Published July 16, 2007 01:39 pm - Western Minnesota group shows how to turn love of river into action

Still great passion for 'Forgotten River'


By Tim Krohn

Looking out from the top-floor balcony of the new downtown hotel last week, I took in a breathtaking view of the Minnesota River sweeping around the bend, sun glistening off the water.

It made me realize again how little we are able to appreciate our river, when most people’s only exposure is a glimpse out the car window while crossing a bridge.

After writing about the river for many years, I’ve had conflicting sentiments about interest in the river today.

It seems, here at the lower end of the Minnesota, the zest for improving and using the river has waned since a big push a decade ago in which hundreds of millions of dollars was poured into land restoration and pollution reduction.

I’ve been re-reading the 1962 book, “The Minnesota: Forgotten River,” by Evan Jones, one of the best comprehensive histories on the river.

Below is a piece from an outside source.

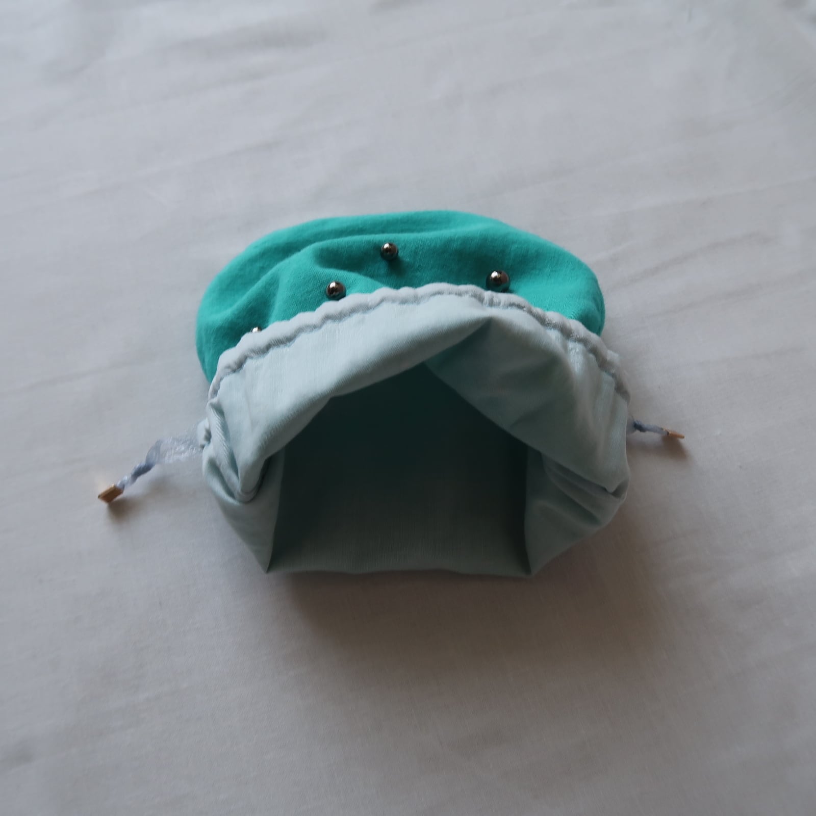 ちょっとした物を入れるのにぴったりなサイズの巾着です。お菓子ポーチ、エチケットポーチ、メイクポーチとして、バッグにしのばせてみてはどうですか♡

I wondered if it’s still the Forgotten River.

But it only took a call to Patrick Moore in Montevideo to get juiced up about the prospects for the river. His zeal and optimism are contagious.

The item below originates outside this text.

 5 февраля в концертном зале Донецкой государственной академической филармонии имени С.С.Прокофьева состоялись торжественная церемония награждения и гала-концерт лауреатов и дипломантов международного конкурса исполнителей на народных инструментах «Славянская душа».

Moore and his 15-year-old citizens group CURE — Clean Up our River Environment — have always fascinated me. Keeping any group active and committed is rare. CURE, with a still-growing membership, works with remarkable fervor and success.

Moore was born, literally, near the edge of the river. His father worked for the Veterans Administration and lived in a residence in the 1824 officers’ quarters at Fort Snelling. It’s where Moore got his love for the nature and history of the Minnesota.

He fished the river as a boy and played in an old stockade where the Army, after the 1862 Dakota War, had held hundreds of Indians, and where some soldiers smuggled in blankets infected with smallpox in an attempt to exterminate the Dakota.

“I was born at Fort Snelling, married a girl from Mankato and moved to Montevideo, so I have an affection for the whole river,” Moore says.

Moore and his group are doing battle with a coal power plant just across the border in South Dakota. The Big Stone Power Plant is on the edges of Big Stone Lake, which is the source of the Minnesota River. The plant got approval from South Dakota to build a big addition.

“They would draw off 3.2 billion gallons of water out of Big Stone. They already take 1.8 billion gallons. They’ll take 25 percent of the annual flow on the Minnesota at that spot. It’s four times more water than the 16 ethanol plants in the state use.”

Not to mention the added mercury emissions and other pollution that will come from the plant and settle in the river. CURE has been rattling cages and getting attention from Minnesota officials.

“They’re building a plant outside Minnesota regulations without any input from Minnesota, but using our water and putting out more mercury and emissions in our river. The people in Mankato and Rochester are going to use that electricity and they should know what’s happening out here.”

While Moore is up for a battle when he needs to be, he says his group is happier when it’s working on positive changes. They get farmers, businesses, the Minnesota Pollution Control Agency and environmentalists to work in concert on improving the river. Their successes on the upper reach of the river are many.